Cindy Saray is a cross-cultural founder rooted in both Korea and Kenya. From Seoul, she leads Muzikey, a live event discovery and ticketing platform supporting independent musicians, and Nashipai Leather Kenya, a zero-waste leather brand handcrafted by deaf single mothers and local artisans. In this interview, she reflects on inclusion as a core principle, the influence of Kenyan culture on her creativity, and the realities of scaling mission-led work across borders.

Sometimes helping hurts if you just help for the sake of helping.

For people meeting you for the first time, how do you introduce yourself and your work with Muzikey and Nashipai Kenya?

My name is Cindy. I’m originally from Korea, but I grew up in Kenya. That’s where I explored fashion and music, and it really shaped what I do.

So I founded a leather brand called Nashipai, in Kenya and currently in Korea. I’m also operating a platform called Muzikey, which is a live event discovery platform for independent musicians, and so much more.

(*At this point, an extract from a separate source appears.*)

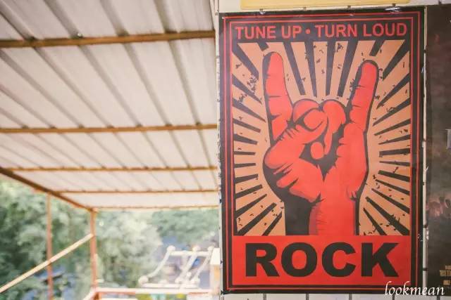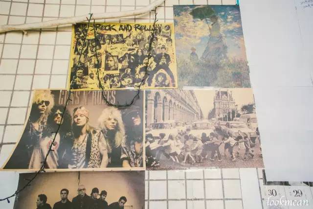 楼梯的墙壁贴满了摇滚音乐海报,想必店长也是一位摇滚控。
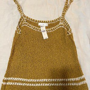 Knit tank in mustard with white accent knits.

You have a Korean background and spent more than 17 years living in Kenya. Could you briefly walk us through that journey and how it led to where you are today in Seoul?

I moved to Kenya with my missionary parents when I was nine, and I lived – of my life – in Kenya. Kenya really influenced me in terms of music. The energy and the culture are so vibrant, and I grew up being exposed to music. It’s just like I said, it’s a very vibrant culture in terms of colors and everything, and that really encouraged me to explore leathers and craftsmanship.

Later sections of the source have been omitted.